I don't know where my life is headed. I'm trying to open up my arms and embrace the mystery, but it is hard. I guess I am the type of person that wants to control everything or at least know what is going on. My relationships control my emotions. My relationship with my mother, my relationship with my coworkers, my relationship with men. I wonder if everyone is the same. I'd like to think that I don't care what other people think, say, or do. At the end of the day though I don't think anyone can honestly say that. I'm in a city that I don't care for too much, going to a school that is going to make my mother proud, beginning relationships that I know won't last, and I've stayed at a job that drives me crazy only because I am comfortable.
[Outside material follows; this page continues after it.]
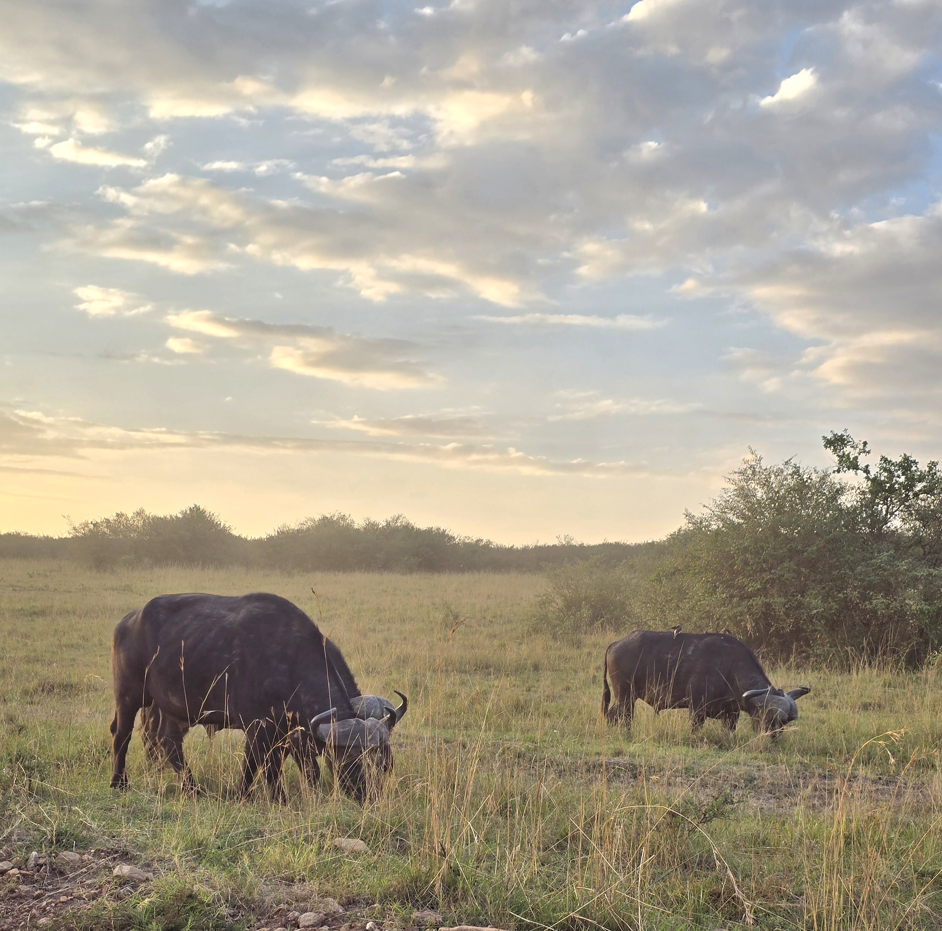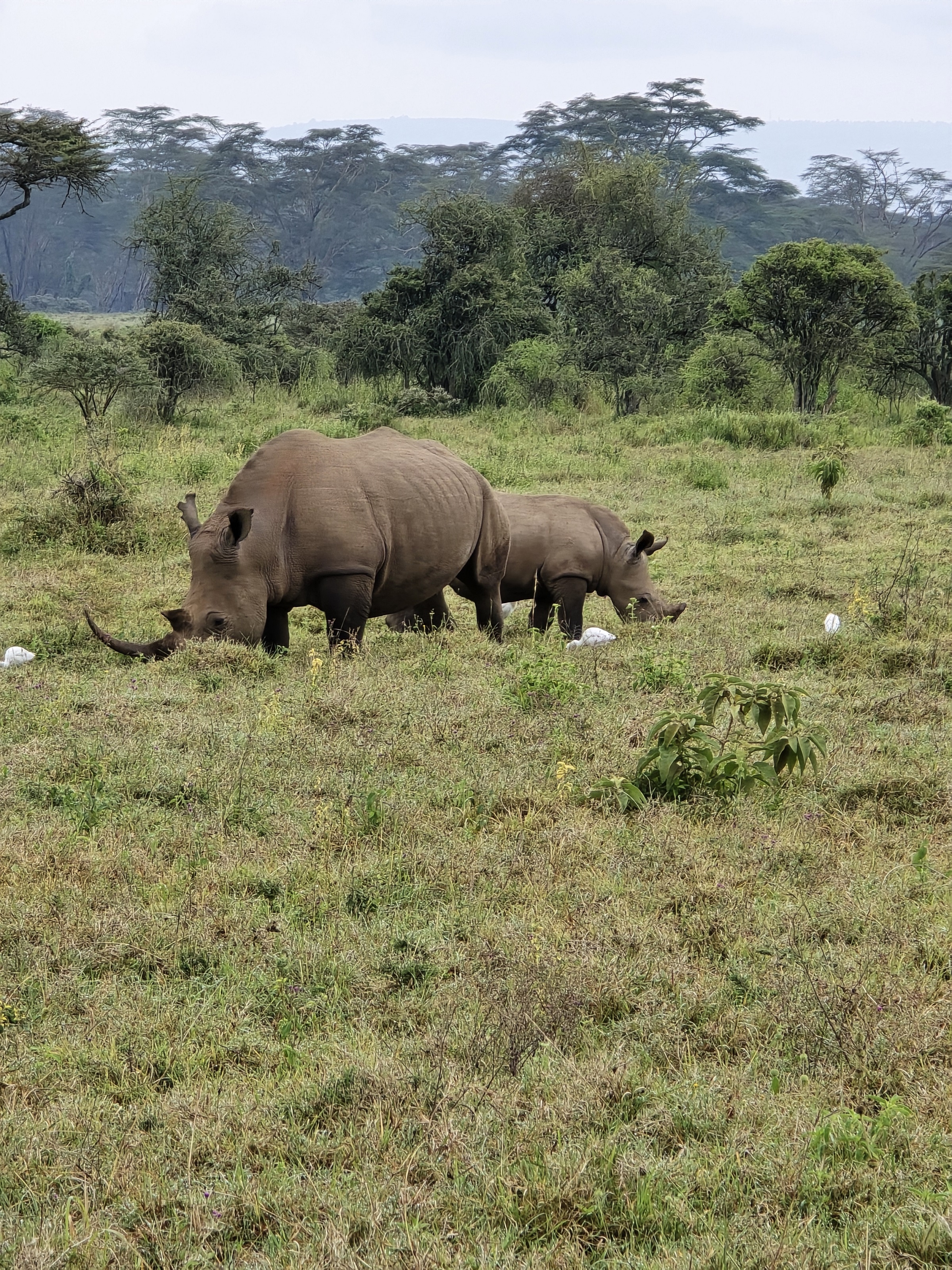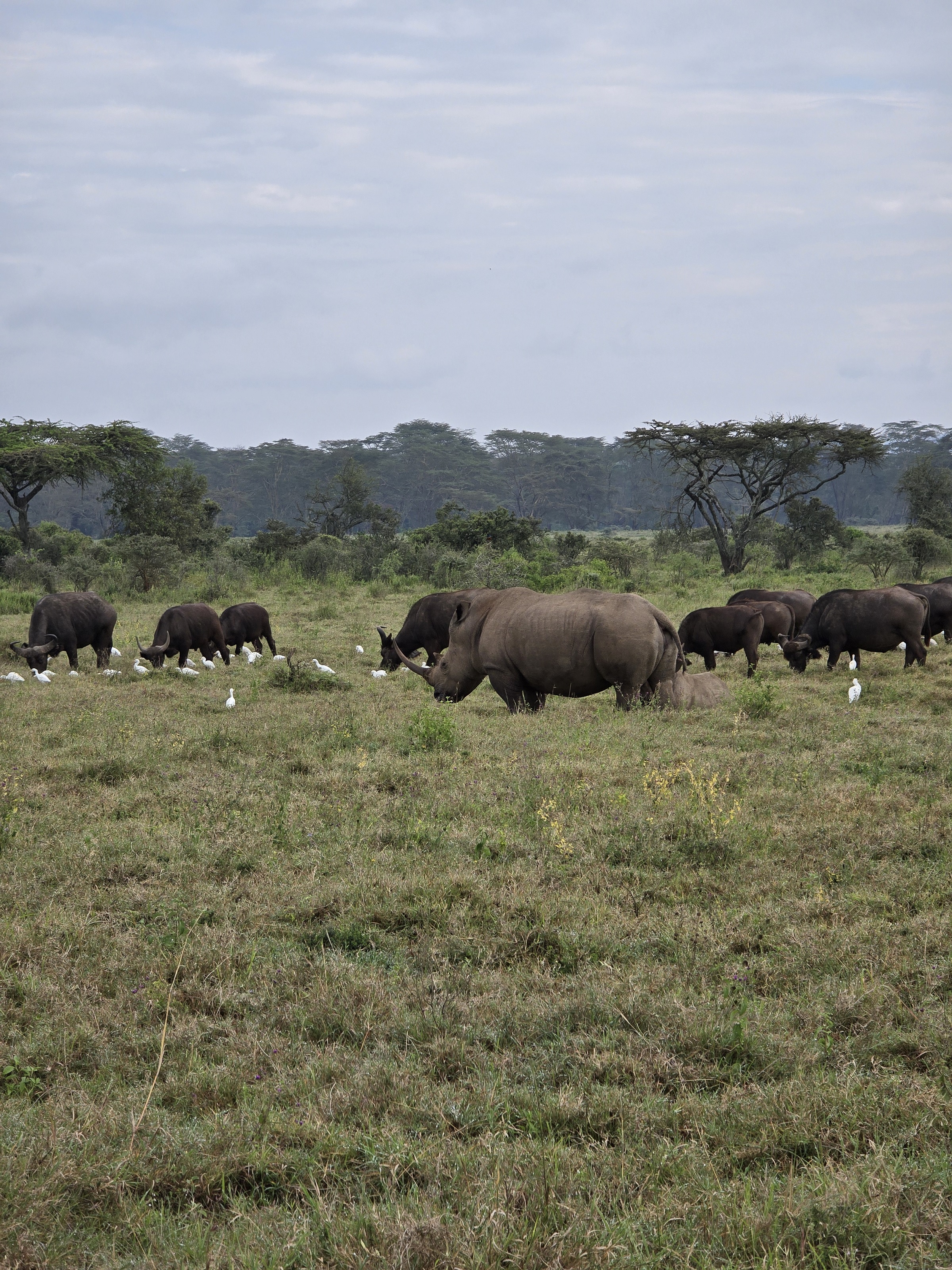 Нас встретила пасторальная сцена: на большой поляне паслись самка носорога с детёнышем и большое стадо буйволов. Они медленно сходились на встречных курсах, вокруг буйволов кружили белые птицы, которые кормятся насекомыми. Маленький телёнок носорога не отходил от матери. Наконец, все эти крупные животные сошлись и продолжали мирно паслись в высокой сочной траве, а самый близкий к джипу буйвол иногда поглядывал на нас. Отъехав, мы встретили одинокого самца носорога.

I am not saying that I am not happy because this is the first time in a long time that I have been satisfied, but is satisfied happy?
Quote of the day: "Time waits for no one. Even as I write the clock is ticking, and the second I had two seconds ago has came and gone." --Me
I'm back people!! Just for today though because I have access to a computer at school. Yes, I know its Summer but I have Summer classes (what a blower) so to put one blower over another I realized that I am here June 2 trying to go to class to find no one is there, so I storm down stairs and ask why and come to realize my class starts june 15. Urghhh. I could scream. Seriously. And to add insult to injury this class starts late so it runs into the other sememster. I don't know what to do. I'm trying to stay calm, but I'm getting sick of this college thing.
"I concentrate on more realistic things. Like questioning is there anything here worth salvaging? Is it over? How do we go about deciding? Do we add up all the good times then divide them by how many times we hurt each other? Or do we just ignore the numbers, and vow right now that nothings gonna to take us under? Can we agree to just disagree?"